NJRP members canvassed sections of Lacey Township every Tuesday in April through the end of May. The town was chosen because of its possible continued connection to the offshore wind industry. Transmission lines from the now-defunct Ocean Wind 1 project were set to come ashore at the former Oyster Creek Generating Station. Ørsted, a Danish-based wind energy developer, pulled the plug on that project and a planned second one last fall.

“We talked to many people who seemed to have their changing community as a major concern and had a feeling they were not being included in the process as the world around them changed. They wanted to be a part of the process,” said Amy Williams, a New Jersey Resource Project board member, who helped to train the canvassers and did one canvass session. “I was very surprised by how many people really didn’t seem to have extreme opinions” about offshore wind.

Cameron Foster, NJRP communication organizer, said the canvass resulted in conversations with 350 individuals. In total, about 1,000 doors were knocked on during the monthlong walkabout info session.

“The impression you get (about) offshore wind when reading it online and in the news is that it’s this polarized issue, and in a way it is, but when you actually go out into the community there are plenty of people who have never heard of the turbines (and) don’t have a definite opinion,” he said, noting a significant number of the individuals said they were looking to learn more about offshore wind so they could engage with the issue.

He said some of the feedback from people was almost apathetic because the individuals didn’t feel like they had a choice in the matter, offshore wind was going to happen, or it wasn’t, and they had no say in the discussion.

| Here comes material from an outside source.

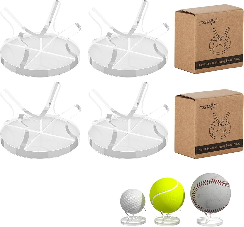 DIMENSION & MATERIAL: 2 Inch diameter x 1.15 Inch Height. Simple and elegant look. Perfect for sports balls as a decoration. Made of sturdy and durable acrylic material. Waterproof and long lasting for use. Comes with anti-slip rubber pad on bottom for secure display and avoid scratching.

“That’s upsetting,” Foster said, adding it shouldn’t be up to the government and corporations to decide what happens in local communities without input from people living there.

Additionally, he said about 80 people said if the offshore wind community is going to make Lacey Township home and the town were to benefit from that, much as it did when the decommissioning Oyster Creek Generating Station was operating, lowering taxes was a top priority.

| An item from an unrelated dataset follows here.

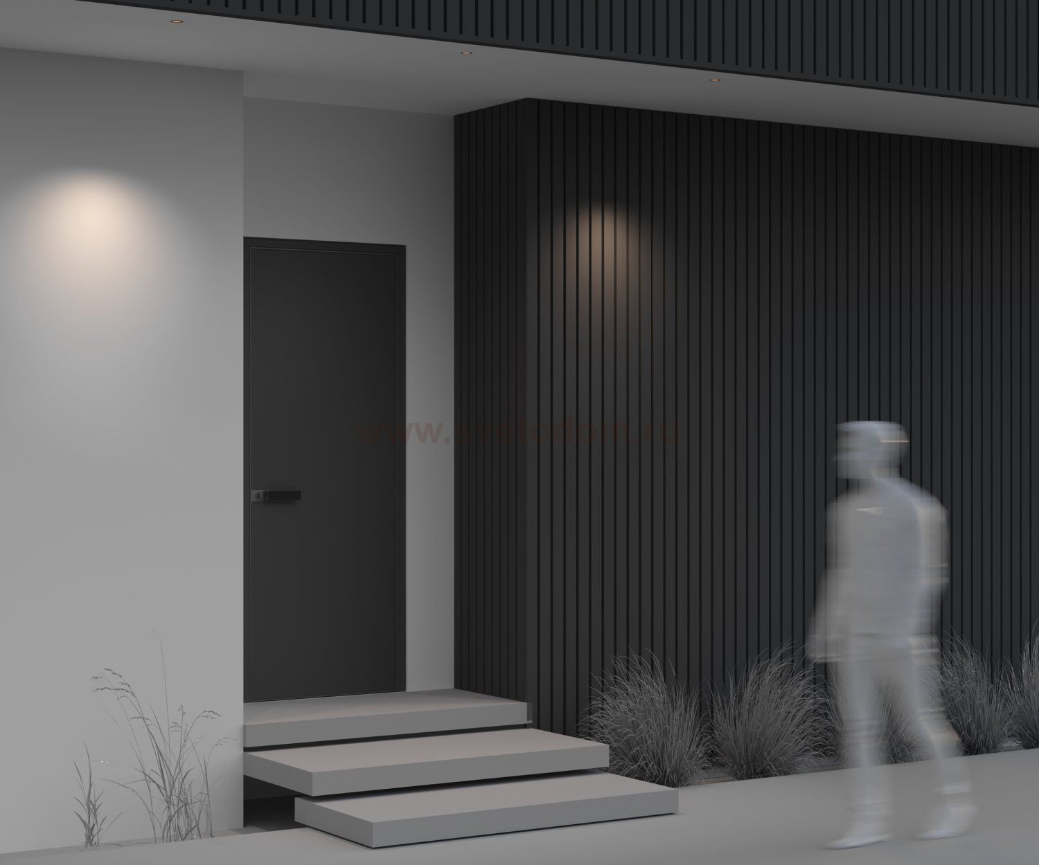 Материал арматуры - алюминий, цвет - черный и белый. Встраиваемый светильник, LED-источник света, цветовая температура 3000К, два размера, два цвета и две мощности (5Вт и 10Вт), высокая степень защиты от пыли и влаги IP65, высокий индекс цветопередачи >90. Скрытый монтаж.

“The second most common answer we got was school funding. Seventy-two people said that,” Foster said. “In the conversations I had with people, they said school funding was getting cut drastically.”

He said the goal of the canvass was to engage the community about how offshore wind could benefit them.

“We weren’t out there to convince people to be 100% pro wind or we’re not going to talk to you,” he said. “It was more let’s put our heads together on this issue and figure out how we can do the best.”

To that point, he said there were plenty of individuals who oppose offshore wind “but still had plenty of ideas about community benefits.”

“Some people changed their mind (about opposing offshore wind) by the end of the conversation; some (opinions) wiggled,” Foster said, “but the thing is we were still having conversations with all of these people.”

He attributed at least some of the successful discussions surrounding offshore wind to canvassers not coming on as proponents, but rather as pro community.

“If the wind industry is coming into the community, we’d like for it to be responsibly developed, for people who are living in the community to have a seat at the table and for us to see benefits that people identified, like lower taxes and school funding,” Foster said.